Dialog: Dua yang Bertemu Kembali

Pic. fr: Google search
 

 "Kamu Apa kabar?"

"Baik. Kalau kamu apa kabar?"

"Biasa aja, nih."

"Jadi, sedang baik atau tidak baik?"

"Hahaha ..maksudku, sedang tidak ada hal menarik terjadi di hidupku."

"Tidak ada? setelah dia?"

 

"Bukan melulu segala suatu hal dia jadi penyebab satu-satunya, tapi ya memang ada yang berbeda di hari-hariku setelah nggak lagi sama dia."

"Jadi?"

"Aku baik-baik saja."

"Syukurlah kalau begitu."

"....."

"....."

"Kamu sendiri, gimana dengan pria yang terakhir kali kamu ceritakan?"

"Tidak ada yang berubah."

"Kamu masih mengharapkannya?"

"Bukan. Maksudku, kami tetap berpisah."

"Hahahaha....sinting."

"Dih, ngatain."

"Kalau begitu posisinya di hatimu sudah bergeser?"
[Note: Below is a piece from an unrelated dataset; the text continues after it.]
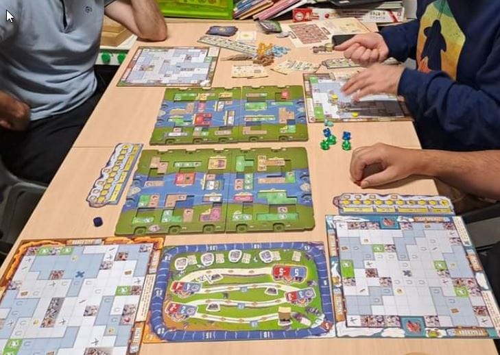 Pour l’interaction entre les joueurs, la comparaison entre les deux jeux donne un résultat assez équivalent, celle-ci étant assez réduite : le nombre de bandits d’un côté où il faut regarder un peu le plateau des autres, contre les objectifs de scoring de Planet Unknown tels que « celui qui a le plus de … » entre voisins de droite et de gauche, et changeant à chaque partie. Dans les deux jeux, l’expérience est plutôt solitaire, car on ne choisit pas les tuiles pour bloquer les autres joueurs, mais pour optimiser son plateau personnel. Match nul pour le point « interaction entre joueurs ».

"Tentu. Seiring berjalannya waktu."

"Kamu sudah melupakannya?"

"Kecuali jika aku amnesia, aku tidak bisa begitu saja lupa."

"Ah kamu, bukan itu yang aku maksud."

"Hihihi..aku tau. Hmmm...move on bukan sesederhana melupakan, tapi bagaimana seseorang sembuh dari luka."

"Kamu sudah sembuh dari luka itu?"

"Kalau belum, mungkin aku masih sambil menangis menceritakannya padamu."

"Ck, jadi sudah atau--"

"Sudah."

"Sudah melupakannya?"

"Kamu mulai menyebalkan, ya. Yang jelas, aku tidak lagi menanti-nantikan dia seperti dulu."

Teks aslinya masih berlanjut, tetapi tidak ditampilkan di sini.